RationAI · Jurgee · Jan 17, 2026 · Jan 17, 2026 · Feb 8, 2026 · Feb 8, 2026
diff --git a/docker/Dockerfile.cpu b/docker/Dockerfile.cpu
@@ -51,4 +51,5 @@ RUN sudo apt-get update && sudo apt-get -y upgrade && \
 # Cleanup
 RUN sudo apt-get remove -y --purge systemd systemd-sysv && sudo apt-get autoremove --purge -y && sudo apt-get clean && sudo rm -rf /var/lib/apt/lists/* 
 
-RUN pip install --no-cache-dir onnxruntime lz4 ratiopath "mlflow<3.0"
+RUN pip install --no-cache-dir \
+    onnxruntime lz4 ratiopath "mlflow<3.0"

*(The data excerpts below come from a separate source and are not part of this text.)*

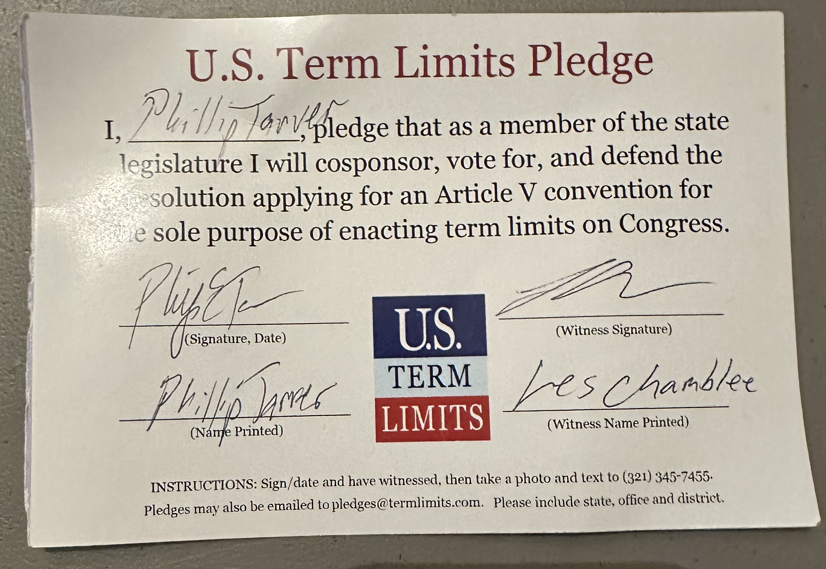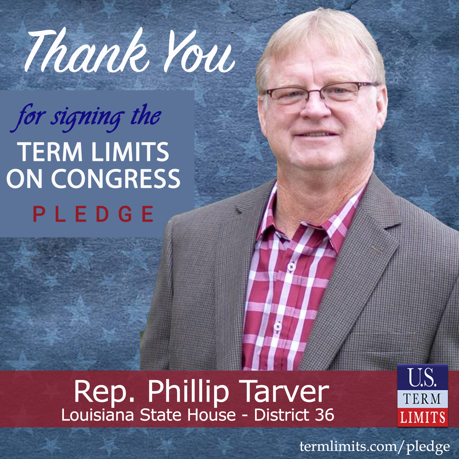 USTL President, Philip Blumel, commented on Tarver’s pledge saying, “Phillip’s strong support of term limits shows that there are individuals who are willing to listen to the majority of voters who want term limits. America needs a Congress that will be served by citizen legislators, not career politicians.”
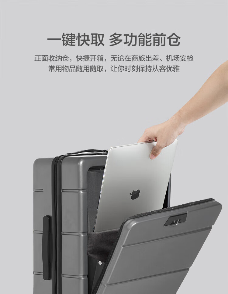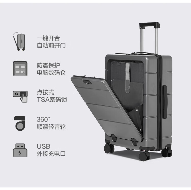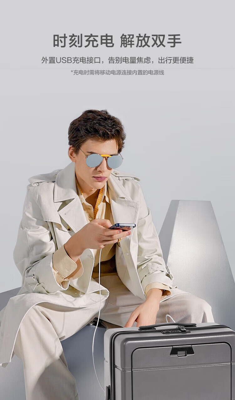 一键前开盖,方便取拿随性物品;ABS+PC材质,抗摔耐磨;外置USB接口,方便手机充电
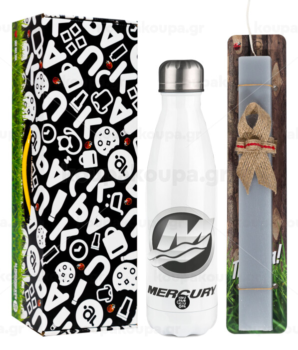 Mercury, Easter candle, metallic white thermos bottle (500ml) & aromatic flat candle (30cm) (GRAY)
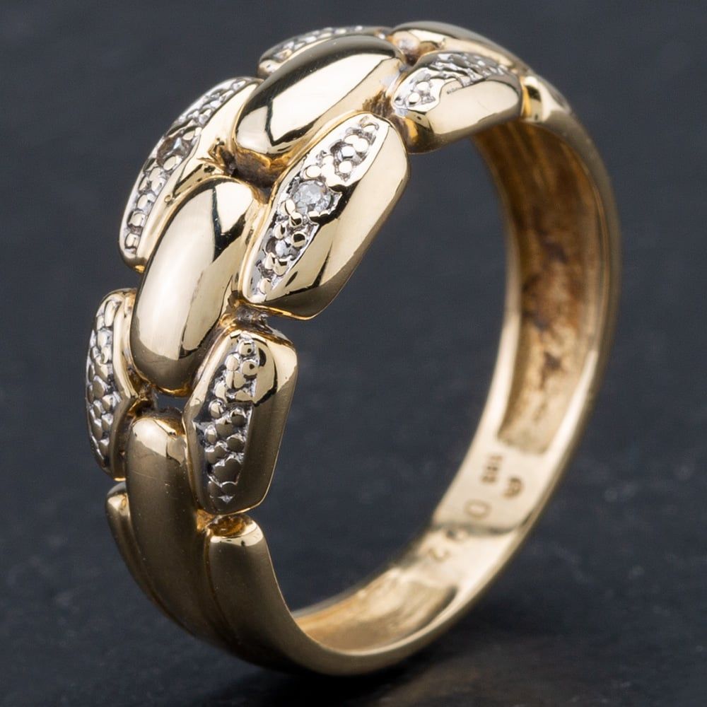 14ct Yellow Gold Brilliant Cut Diamond Set Chain Link Dress Ring
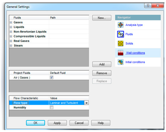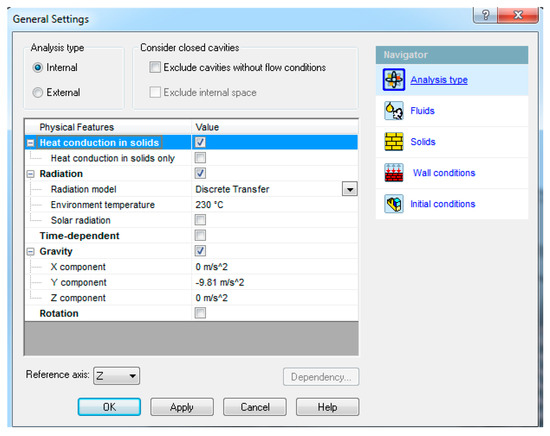 After isolating the inner volume of the chamber, the type of analysis was chosen, as well as the physical parameters, the type of fluid, and the material from which the baking chamber was made. Also chosen were the initial thermodynamic parameters and the thermal conditions of the process; see Figure 6, Figure 7, Figure 8 and Figure 9.

diff --git a/docker/Dockerfile.gpu b/docker/Dockerfile.gpu
@@ -53,4 +53,14 @@ RUN sudo sh -c 'echo "/usr/local/lib" > /etc/ld.so.conf.d/custom-libs.conf' && \
     sudo sh -c 'echo "/home/ray/anaconda3/lib/python3.12/site-packages/nvidia/cudnn/lib" > /etc/ld.so.conf.d/nvidia-libs.conf' && \
     sudo ldconfig
 
-RUN pip install --no-cache-dir onnxruntime-gpu tensorrt lz4 ratiopath "mlflow<3.0"
+RUN pip install --no-cache-dir \
+    --extra-index-url https://pypi.nvidia.com \
+    onnxruntime-gpu tensorrt-cu12==10.3.0 lz4 ratiopath "mlflow<3.0"
+
+RUN pip install --no-cache-dir \
+    torch==2.4.0+cu121 torchvision==0.19.0+cu121 \
+    --index-url https://download.pytorch.org/whl/cu121
+
+RUN pip install --no-cache-dir \
+    "timm>=1.0.0" \
+    "huggingface-hub>=0.23.0"
diff --git a/misc/virchow2_downloader/download_virchow2.py b/misc/virchow2_downloader/download_virchow2.py
@@ -0,0 +1,48 @@
+import os
+
+from huggingface_hub import login, snapshot_download
+
+
+HF_TOKEN = os.environ.get("HF_TOKEN")
+CACHE_DIR = "/mnt/huggingface_cache"
+MODEL_ID = "paige-ai/Virchow2"
+
+os.environ["HF_HOME"] = CACHE_DIR
+os.makedirs(CACHE_DIR, exist_ok=True)
+
+print(f"Starting download for {MODEL_ID} to {CACHE_DIR}")
+
+if HF_TOKEN:
+    print("Logging in to Hugging Face...")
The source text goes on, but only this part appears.